Information provided START
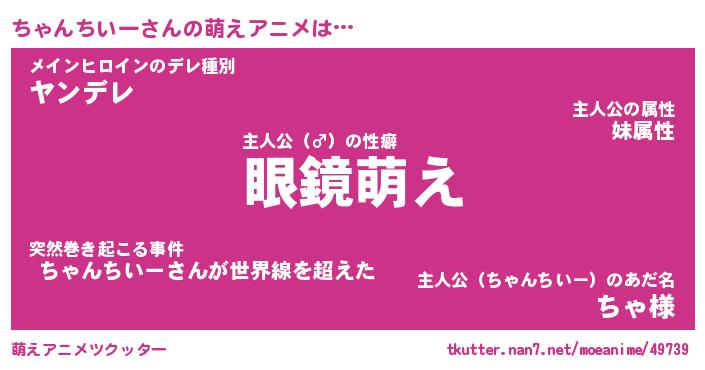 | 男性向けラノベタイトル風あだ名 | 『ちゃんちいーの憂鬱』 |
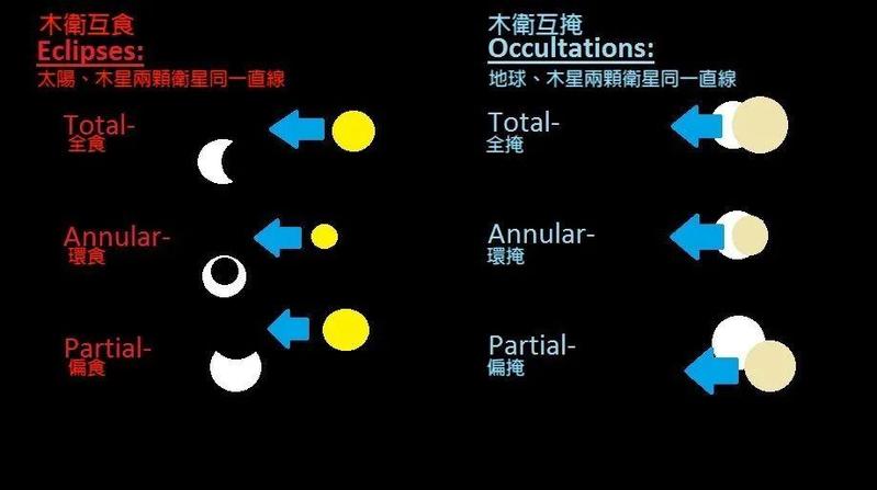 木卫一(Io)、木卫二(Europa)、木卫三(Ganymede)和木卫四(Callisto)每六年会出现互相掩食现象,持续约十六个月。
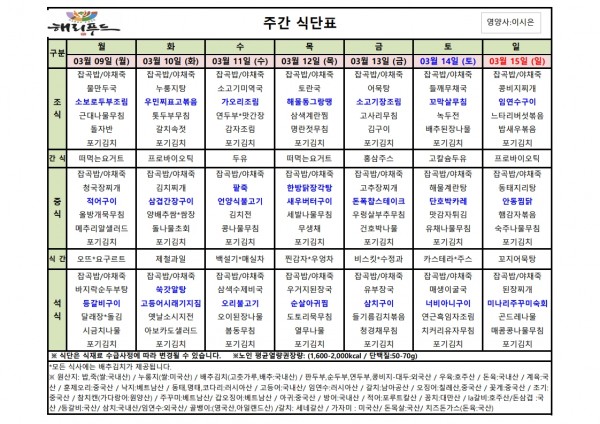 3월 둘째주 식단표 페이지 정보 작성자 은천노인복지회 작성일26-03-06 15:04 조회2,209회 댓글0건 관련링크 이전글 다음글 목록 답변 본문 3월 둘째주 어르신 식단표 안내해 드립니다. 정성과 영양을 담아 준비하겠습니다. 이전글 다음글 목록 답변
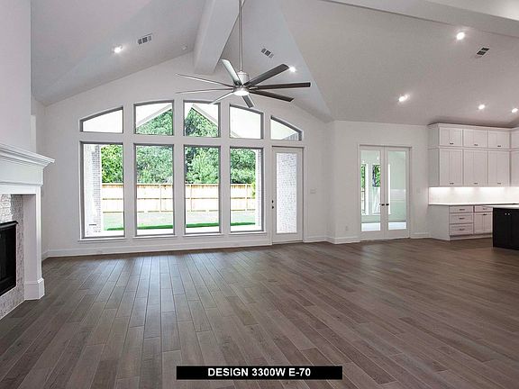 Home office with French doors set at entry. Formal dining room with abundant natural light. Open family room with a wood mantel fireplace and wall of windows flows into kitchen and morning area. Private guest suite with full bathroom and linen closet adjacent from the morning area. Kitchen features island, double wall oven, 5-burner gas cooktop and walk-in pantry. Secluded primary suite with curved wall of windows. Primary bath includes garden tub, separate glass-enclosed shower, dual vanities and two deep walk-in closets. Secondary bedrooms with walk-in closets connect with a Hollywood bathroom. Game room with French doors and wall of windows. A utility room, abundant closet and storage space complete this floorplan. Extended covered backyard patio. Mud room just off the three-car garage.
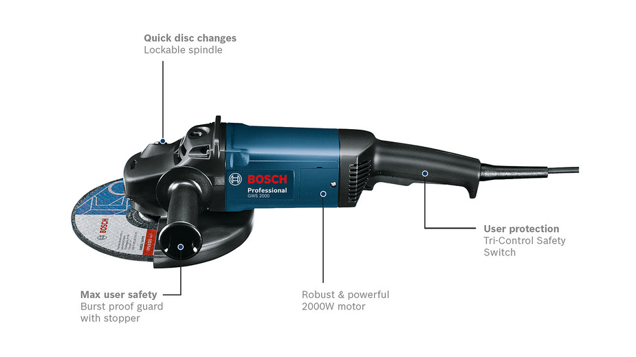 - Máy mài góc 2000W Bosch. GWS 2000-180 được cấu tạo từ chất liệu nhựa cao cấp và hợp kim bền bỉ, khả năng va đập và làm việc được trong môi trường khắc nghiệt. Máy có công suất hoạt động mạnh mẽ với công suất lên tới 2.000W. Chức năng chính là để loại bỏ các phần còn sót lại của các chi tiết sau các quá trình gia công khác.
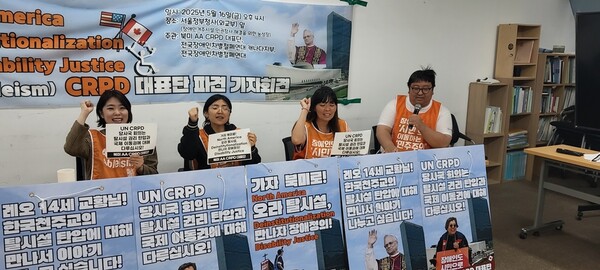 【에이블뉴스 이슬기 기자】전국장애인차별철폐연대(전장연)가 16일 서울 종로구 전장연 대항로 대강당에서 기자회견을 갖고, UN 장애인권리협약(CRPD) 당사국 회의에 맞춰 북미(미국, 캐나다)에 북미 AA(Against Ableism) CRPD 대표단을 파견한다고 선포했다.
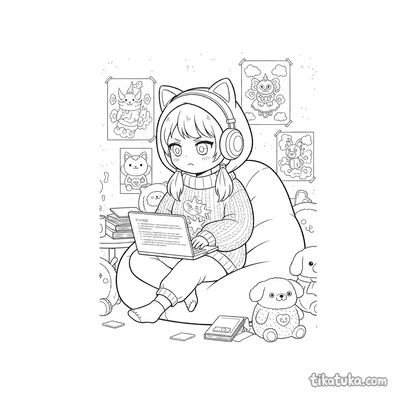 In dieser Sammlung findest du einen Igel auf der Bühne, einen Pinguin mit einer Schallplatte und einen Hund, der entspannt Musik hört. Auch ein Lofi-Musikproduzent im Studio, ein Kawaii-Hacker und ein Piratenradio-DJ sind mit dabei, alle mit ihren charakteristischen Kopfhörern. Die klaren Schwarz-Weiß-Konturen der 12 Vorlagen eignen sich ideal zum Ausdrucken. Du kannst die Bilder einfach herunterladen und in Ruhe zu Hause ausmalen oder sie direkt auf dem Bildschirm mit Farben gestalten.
Information provided END
Information provided START
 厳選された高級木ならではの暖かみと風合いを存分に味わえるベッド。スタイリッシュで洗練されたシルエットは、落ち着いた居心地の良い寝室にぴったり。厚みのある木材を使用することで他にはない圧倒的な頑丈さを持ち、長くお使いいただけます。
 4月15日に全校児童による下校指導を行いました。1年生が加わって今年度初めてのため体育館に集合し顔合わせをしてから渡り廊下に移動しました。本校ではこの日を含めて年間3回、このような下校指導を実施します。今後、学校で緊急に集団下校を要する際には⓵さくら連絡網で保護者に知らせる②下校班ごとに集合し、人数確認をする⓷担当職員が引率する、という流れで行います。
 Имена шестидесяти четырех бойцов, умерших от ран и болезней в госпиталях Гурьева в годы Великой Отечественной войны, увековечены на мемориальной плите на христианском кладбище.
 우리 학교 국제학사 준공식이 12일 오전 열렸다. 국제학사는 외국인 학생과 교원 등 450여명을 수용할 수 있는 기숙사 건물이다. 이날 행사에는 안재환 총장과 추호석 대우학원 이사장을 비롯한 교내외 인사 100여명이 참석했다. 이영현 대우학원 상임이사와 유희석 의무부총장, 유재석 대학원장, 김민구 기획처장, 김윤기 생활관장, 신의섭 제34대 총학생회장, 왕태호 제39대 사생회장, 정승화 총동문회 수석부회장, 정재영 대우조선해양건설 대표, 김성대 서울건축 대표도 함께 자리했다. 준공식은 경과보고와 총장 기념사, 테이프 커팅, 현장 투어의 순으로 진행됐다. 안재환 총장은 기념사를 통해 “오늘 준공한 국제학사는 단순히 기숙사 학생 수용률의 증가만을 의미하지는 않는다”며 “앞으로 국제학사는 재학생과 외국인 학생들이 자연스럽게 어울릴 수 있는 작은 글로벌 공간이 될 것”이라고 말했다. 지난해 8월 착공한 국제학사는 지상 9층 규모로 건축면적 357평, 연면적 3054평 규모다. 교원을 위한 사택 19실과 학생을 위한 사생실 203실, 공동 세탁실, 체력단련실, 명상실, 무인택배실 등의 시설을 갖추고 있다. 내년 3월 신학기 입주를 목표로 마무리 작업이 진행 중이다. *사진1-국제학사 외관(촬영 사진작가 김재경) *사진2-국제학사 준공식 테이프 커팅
Information provided END
Exercise instructions:
Working from the entries above, please transcribe only the lines from the line with "男性向けラノベタイトル風あだ名 | 『ちゃんちいーの憂鬱』 |" through the line with "3월 둘째주 식단표 페이지", exactly, with both end lines and without pictures.

Response:
 | 男性向けラノベタイトル風あだ名 | 『ちゃんちいーの憂鬱』 |
 木卫一(Io)、木卫二(Europa)、木卫三(Ganymede)和木卫四(Callisto)每六年会出现互相掩食现象,持续约十六个月。
 3월 둘째주 식단표 페이지 정보 작성자 은천노인복지회 작성일26-03-06 15:04 조회2,209회 댓글0건 관련링크 이전글 다음글 목록 답변 본문 3월 둘째주 어르신 식단표 안내해 드립니다. 정성과 영양을 담아 준비하겠습니다. 이전글 다음글 목록 답변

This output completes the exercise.